Taking the data below, please print only the lines from the line holding "- 中日韩FTA对中国制造业的影响研究外文翻译资料" to the line holding "Fur Ballet Flats", inclusive, with pictures omitted.
── Extracted entries
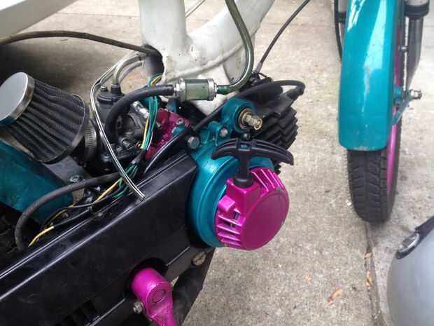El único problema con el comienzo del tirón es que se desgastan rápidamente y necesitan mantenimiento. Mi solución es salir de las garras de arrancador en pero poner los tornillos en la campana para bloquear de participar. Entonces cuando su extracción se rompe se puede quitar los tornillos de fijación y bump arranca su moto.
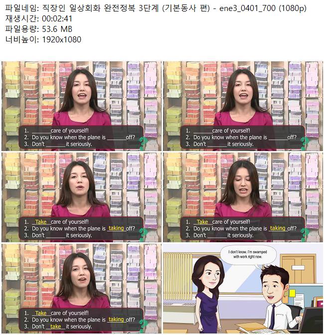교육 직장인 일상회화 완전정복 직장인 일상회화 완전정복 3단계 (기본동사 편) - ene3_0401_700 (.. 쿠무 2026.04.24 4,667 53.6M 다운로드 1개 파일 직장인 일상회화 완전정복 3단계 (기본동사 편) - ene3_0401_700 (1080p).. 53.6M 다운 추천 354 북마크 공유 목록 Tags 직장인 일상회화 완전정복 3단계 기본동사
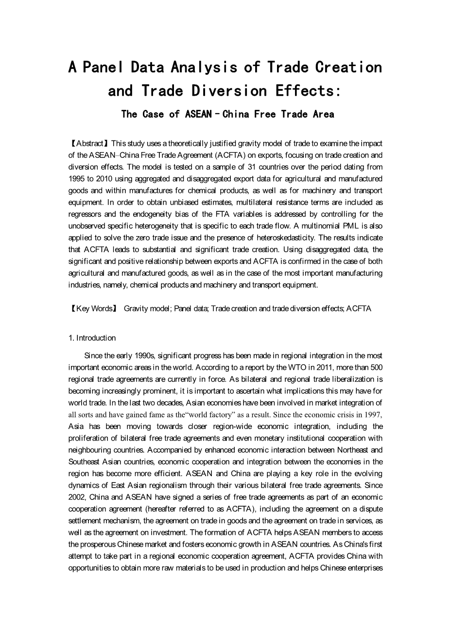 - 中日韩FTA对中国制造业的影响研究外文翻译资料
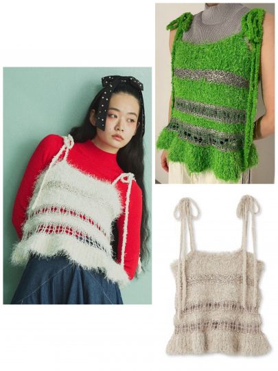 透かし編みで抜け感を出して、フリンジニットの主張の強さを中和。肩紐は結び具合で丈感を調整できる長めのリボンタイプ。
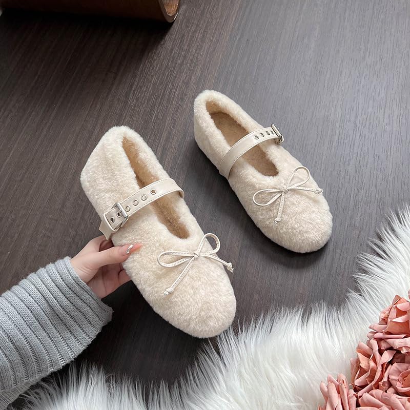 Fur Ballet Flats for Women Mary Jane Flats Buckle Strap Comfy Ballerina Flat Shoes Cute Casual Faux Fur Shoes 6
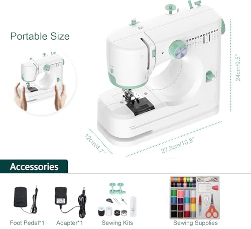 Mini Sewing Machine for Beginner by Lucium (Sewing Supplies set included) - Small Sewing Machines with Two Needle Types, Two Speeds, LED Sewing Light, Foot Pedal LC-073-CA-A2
────
Task answer
 - 中日韩FTA对中国制造业的影响研究外文翻译资料
 透かし編みで抜け感を出して、フリンジニットの主張の強さを中和。肩紐は結び具合で丈感を調整できる長めのリボンタイプ。
 Fur Ballet Flats for Women Mary Jane Flats Buckle Strap Comfy Ballerina Flat Shoes Cute Casual Faux Fur Shoes 6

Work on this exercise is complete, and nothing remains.